Bellingham
Seriously, Who Does The Jokes Around Here?

November 2011

It was Friday, just before Yom Kippur. That’s right, the Jewish day of atonement. I met Maurice Kanbar, the genius who invented Skyy vodka, at his usual table on Union Street, outside Perry’s. This has been Maurice’s near-daily venue for over 20 years.

“I love watching the people passing by,” exclaims Maurice. He will even accost people in a friendly way, and, though they are sometimes taken aback, he will demand their opinions on man, God and law. Or even vodka. What’s the difference? On occasion, vodka seems to have a heavy influence over those loftier notions. Maurice is a born boulevardier – that’s how they would describe gentlemen such as Gérard de Nerval or Paul-Marie Verlaine in 19th century Paris as these talented, scurrilous cats went about their urban sojourns. One difference, though, is that de Nerval, who dragged a lobster on a leash along the avenue, would not likely allow Maurice to plunge the crustacean into a boiling pot just to make a brand-new Extract of Lobster vodka. The poet would bristle at the temerity of such an assault on his friendly crustacean pal, even though he did not seem to mind dragging it over the filthy pavements of Gay Paree.
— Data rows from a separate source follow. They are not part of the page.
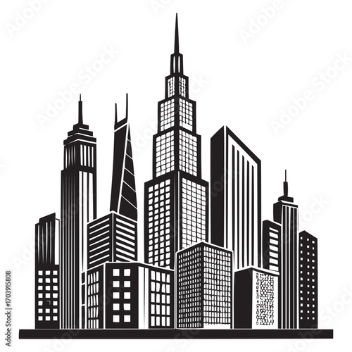 © Graphix Glider, Obraz premium Modern City Skyline Vector Illustration | Black and White Skyscraper Silhouette
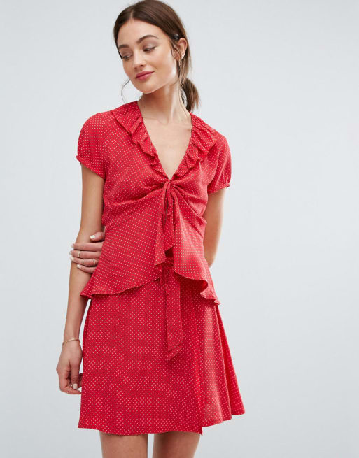 Newlily - Combi-set met rok en blouse met stippen en ruches
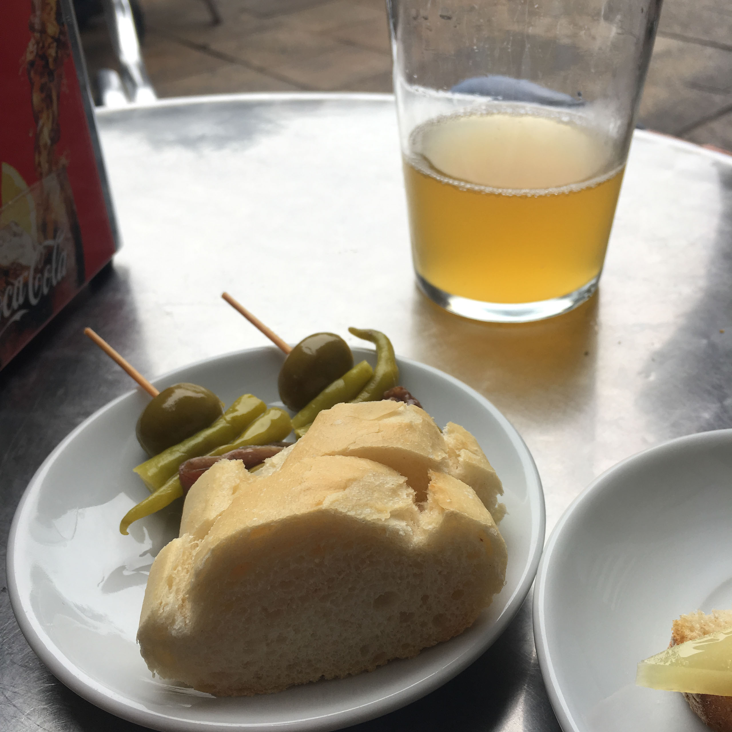 Topped up with some gilda pintxos: olives and peppers. Plus some “natural cider”, which was apparently nice. The smell made me want to throw up.

I dunno. Let’s give it some thought. Lobster vodka isn’t such a bad idea. I’ll leave it to Maurice. He can invent anything out of anything. His mind simply does not shut down. I know there are days when he wishes it would. It must be tough to have a teeming brain going on like the utilities do.

The other day I was at the Castro Mission Health Center, where the always sympathetic and charming Dr. Deborah Brown ordered a couple of shots for me. I would have preferred the shots down the street at The Twin Peaks saloon – but let’s not be silly. No, Dr. Brown ordered the nurse to “stab” me (Dr. Brown’s word) with a vaccine against hepatitis B and pneumonia. Funny thing. As the gal was administering the shots, I told her that my friend Maurice Kanbar had invented those plastic protective coverings over the needles and syringes decades ago. This keeps the person giving the shots from being accidentally infected with HIV and Gawd knows what.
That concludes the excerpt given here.